Recovering from a heartbreaking divorce, independent filmmaker and son-of-an-Italian-Prince Tao Ruspoli takes to the road to talk to his relatives, advice columnists, psychologists, historians, anthropologists, artists, philosophers, sex workers, sex therapists, and ordinary couples about love, sex & monogamy in our culture. What he discovers about his very unconventional family, and about the history and psychology of love and marriage leads him to question the ideal of monogamy, and the traditional family values that go with it. Featuring Diana Adams, Dan Savage, Christopher Ryan, Esther Perel.
The “traditional” values that have shaped our understanding of love, sex, and marriage are losing their hold on our culture. The last half century, in particular, has seen dramatic changes in attitudes about sex and sexuality. We no longer accept a sexual division of labor and distinct gender roles. We now aspire to a fairer distribution of social and economic power among the sexes. And we are increasingly open to alternative forms of sexuality and sexual relationships. These changes are greeted with anxiety by conservatives, who are afraid that changes to traditional views about sex, gender, and marriage will undermine the very foundations of our civilization. These changes are celebrated as liberating by progressives, who welcome a more equitable view of gender roles. Despite all these dramatic institutional changes, and despite the ongoing culture wars over sexuality, the ideal of a monogamous loving couple continues to exert a powerful influence on the popular imagination.

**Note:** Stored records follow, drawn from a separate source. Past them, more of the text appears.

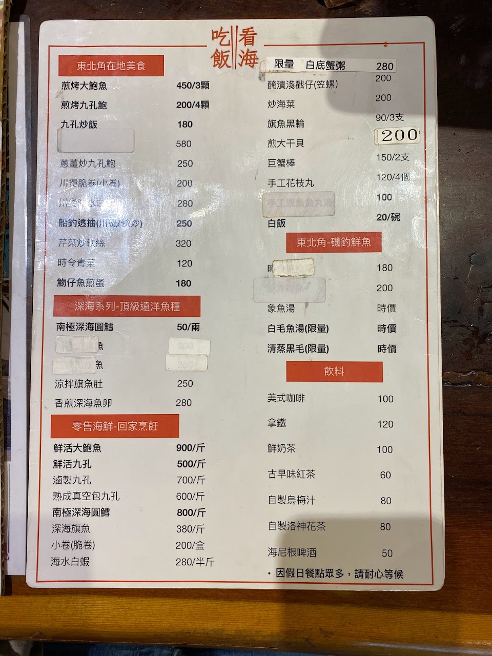 就好像身在一個小漁村裡 在普通不過的平常日很悠哉的看著海 吃著沒有華麗擺盤但海鮮很新鮮的家常便飯 這裡有很多九孔池 所以九孔鮑魚一定要點喔超新鮮 服務 內用 餐點類型 午餐 平均每人消費金額 $600-800 餐點:5 服務:5 氣氛:5 建議的餐點 川燙海水白蝦, 蒜香蒸九孔, 石蟹粥 香濃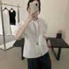 Camisa de manga larga con encaje francés, suave, cómoda, combinable, elegante, a la moda, romántica, con costuras de encaje
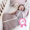Sjekk om baby får hodet gjennom åpningen på en lukket pose før bruk. Riktig størrelse er når baby ikke får hodet gjennom nakkeåpningen på en lukket nattpose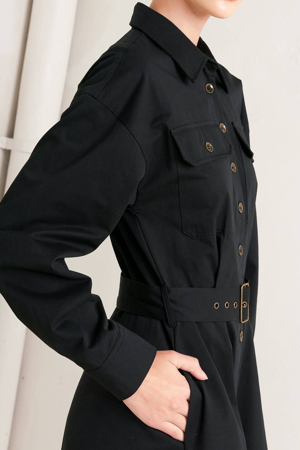 A solid woven midi dress featuring shirt collar, pockets, long sleeve, button down, self belt and full skirt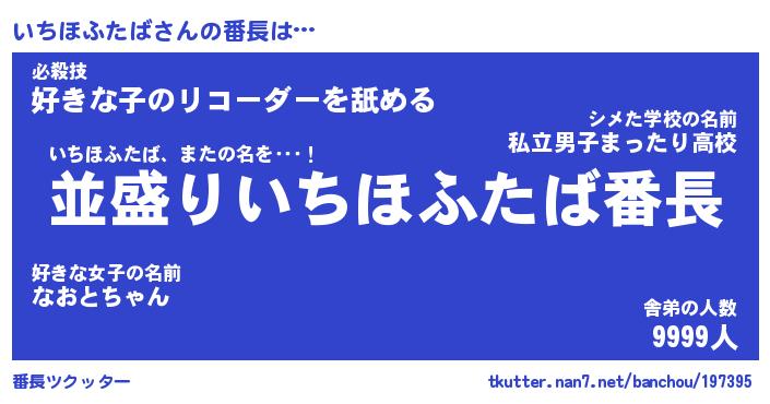 | 肩書あだ名 | 『いちほふたば社長』『いちほふたば教授』 |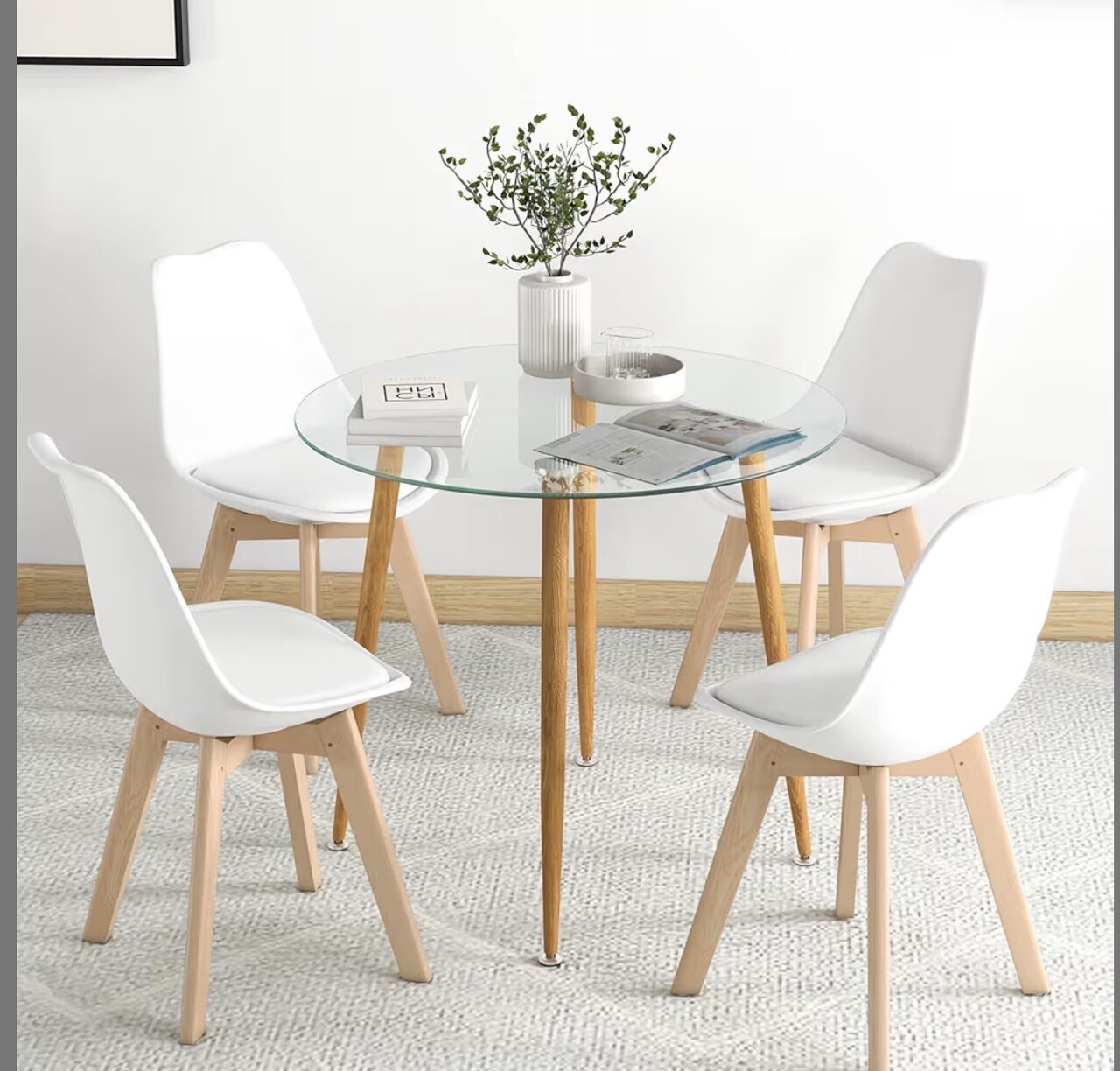 식탁 의자 세트에요! 투명유리 식탁은 두번째방에 두고 사용안했어요

What scholars understand, and what Ruspoli’s own family history illustrates, is the artificiality of modern assumptions about love, marriage, and family relations. What we today think of as the ideal — a couple in a life-long, loving, monogamous relationship — is a recent invention. Not only has our culture bought into a fictional, “just so” story about the nature of marriage, it also engages in surprisingly little rigorous thought about what a good loving relationship amounts to and what it entails. What does it really mean to be monogamous? What does a successful monogamous relationship involve? How should it deal with the inevitable changes that all human relationships undergo – for instance, from the passion of first love to the day to day demands of everyday domestic life? Or, the way children change the dynamic of personal relationships? How ought partners in a monogamous relationship deal with temptations? Can a monogamous relationship preserve passion in a satisfying way? Or does it offer a different kind of satisfaction to compensate for the loss of passion? What about alternatives to monogamy? Are they viable given the strength of the monogamous ideal in our culture?